[WHAT YOU SHOULD DO] Write out word for word each line from the top of the material through the line that has "可以在晴雨之间查看运动指南,提供科学锻炼方式". Pictures do not go in.
START DATA TO PROCESS
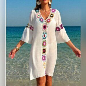 V-Neck 3/4 Sleeve Multi Color Floral Crochet Bathing Suit Cover Up White
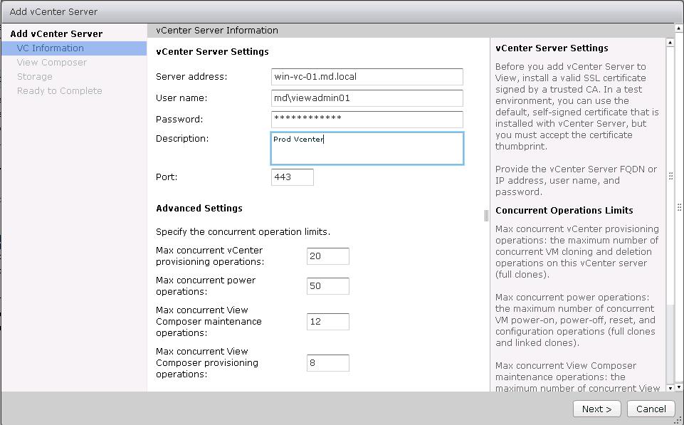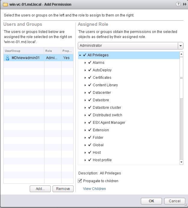 - viewadmin01 – This account will be used by the View Connection Server(s) to connect to vCenter server to provision and manage VMs.
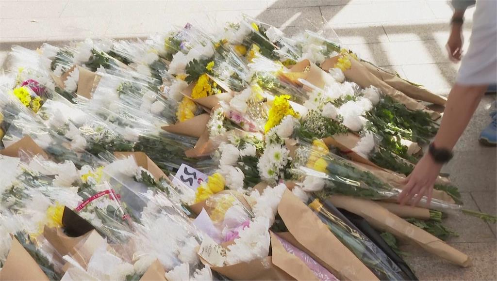 志工湧社區廣場提供物資 地上擺滿祝福鮮花+紙鶴
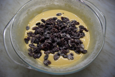 Изюм вымойте, обсушите. Всыпьте в тесто большую часть изюма и перемешайте. Изюм можете брать любой - темный или светлый, крупный или мелкий.
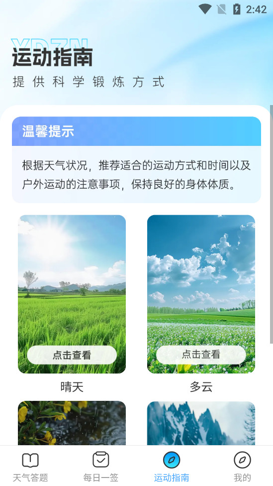 可以在晴雨之间查看运动指南,提供科学锻炼方式
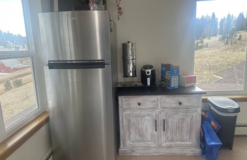 Location! Relax on the Lake with Pikes Peak views. Hot tub! Your private area includes: 2 bedrooms, 1 bath, Large living room, kitchenette, & dining in this spacious penthouse apartment. Entire top floor with private entrance but NOT 1st or 2nd floors. You will never see owner. Space for the whole family! Lots of wildlife, many hiking & ATV/OHV trails just 5 minutes away. Close to 11 Mile Canyon, Mueller State Park, Florissant Fossil Beds, Garden of Gods, & white water rafting. In the middle of the Rocky Mountain playground. Fishing, hiking, boating, kayaking and 2 miles from ATV trail head.
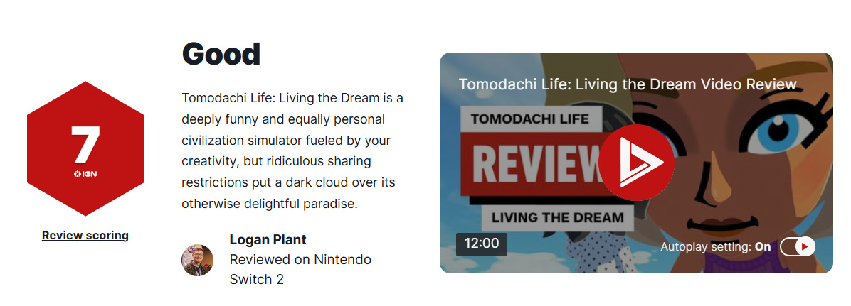 竞核4月16日消息,任天堂生活模拟新作获IGN7分:今日,任天堂旗下生活模拟游戏《朋友收集:梦想生活》正式发售,媒体评测也在发售前夕解禁。
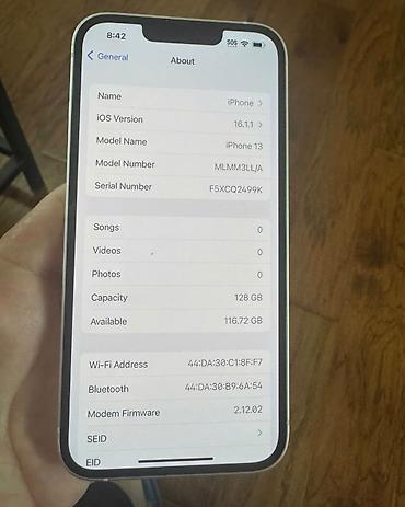 IPhone 13, 128 GB Telefon şəxsi istifadə olub, ilk sahibiyem səliqəli vəziyyətdədir. • Ekran və arxa şüşə təmizdir, çat/qırıq yoxdur • Korpusda normal istifadə izləri • Ustada açılmayıb • Fac...
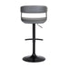 Calista Adjustable Bar Stool in Gray Faux Leather with Black Metal
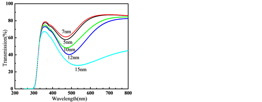 Figure 6. The transmittance spectra of Ag NPs thin films with different thickness.
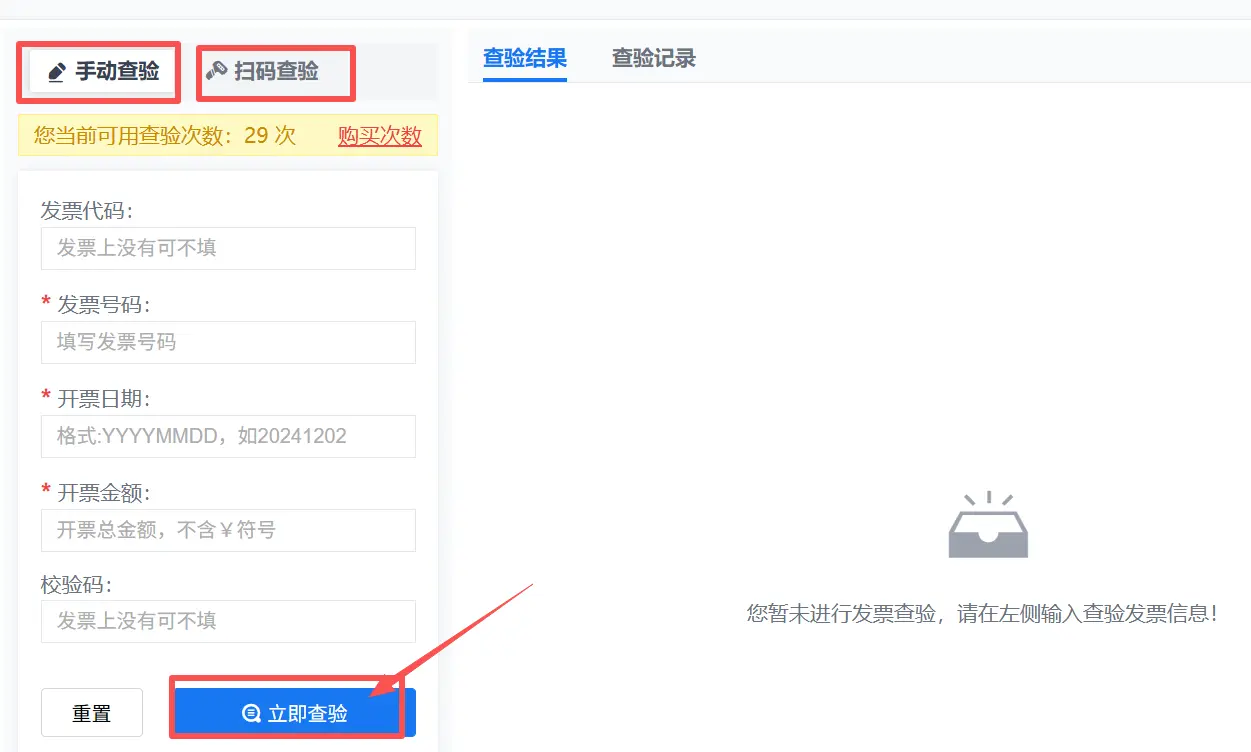 票票帮的发票查验功能是一个非常实用的工具,支持多种查验方式,包括手动查验、扫码查验以及批量上传发票文件查验。该功能的最大优势在于无需输入验证码,大大提高了工作效率。
END DATA TO PROCESS
[EXERCISE RESPONSE]
 V-Neck 3/4 Sleeve Multi Color Floral Crochet Bathing Suit Cover Up White
 - viewadmin01 – This account will be used by the View Connection Server(s) to connect to vCenter server to provision and manage VMs.
 志工湧社區廣場提供物資 地上擺滿祝福鮮花+紙鶴
 Изюм вымойте, обсушите. Всыпьте в тесто большую часть изюма и перемешайте. Изюм можете брать любой - темный или светлый, крупный или мелкий.
 可以在晴雨之间查看运动指南,提供科学锻炼方式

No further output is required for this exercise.